Professors have experimented with assigning technology fasts for their students—by discouraging gadget use for five days, for example, or rewarding extra credit for a semester without Facebook.
Harrisburg University of Science and Technology is going one step further with a “social-media blackout.” Starting Monday, the Pennsylvania institution will block Facebook, Twitter, AOL Instant Messenger, and MySpace on the campus network for a week. Faculty and staff members will be affected as well as students.
“Telling students to imagine a time before Facebook is like telling them to imagine living in a world with dinosaurs,” said Eric D. Darr, Harrisburg’s executive vice president and provost. “It’s not real. What we’re doing is trying to make it real.”
By blocking Web sites—instead of just discouraging use—the university will give its entire community a shared experience, Mr. Darr said. He insisted the restricted access wasn’t censorship.
“We’re not denying students, staff, and faculty the right to connect to Facebook since the university network is only one avenue to get to these sites,” he said. “They can drive down the road to a place with wireless if they really want.”
David Parry, an assistant professor of emerging media and communications at the University of Texas at Dallas, has run several social-media fasts in his classes, where his students study such media. Because social media has become so common in the lives of students, he said, it can be harder for them to see how to advance the technology beyond its conventional uses. Asking students to choose to refrain for a short period of time can help them discover more productive uses for the media, he has found.
But Mr. Parry thinks Harrisburg’s approach may be a little heavy-handed: a top-down action on behalf of the university, he argues, as opposed to something done in the context of a college class devoted to the study of social media.
He also pointed out that many modern students get a lot of emotional support from the Internet, such as by instant messaging loved ones in faraway countries.

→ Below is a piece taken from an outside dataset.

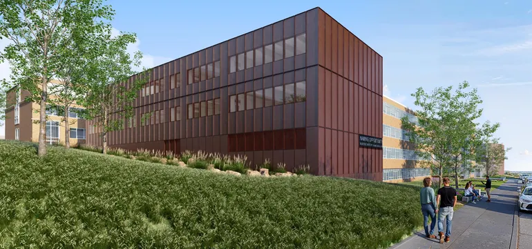 The Horace Mann constructing, vacant since 2018, will turn into a state-of-the-art facility for almost all of the Maguire Meservey School of Well being and Human Providers. It’s going to characteristic nursing simulation suites, bedside abilities and occupational remedy labs, pupil hubs and versatile school rooms, per the discharge. Crews can even replace the constructing with a newly created accessible campus-facing entrance.

“Experiments like these are more productive when people make the decision to give up technologies,” Mr. Parry said. “I don’t think blocking access is going to accomplish what the original goal is but instead will drive people to think of ways to go around the system.”
Mr. Darr said his hope is that people would opt to not do that, but instead would take the week to reflect on outside-the-box ways to use social media—such as for entrepreneurship or political advocacy.
“We really want in the end for everyone to see how they can use social media in a more positive and efficient way, whatever that means to them,” he said.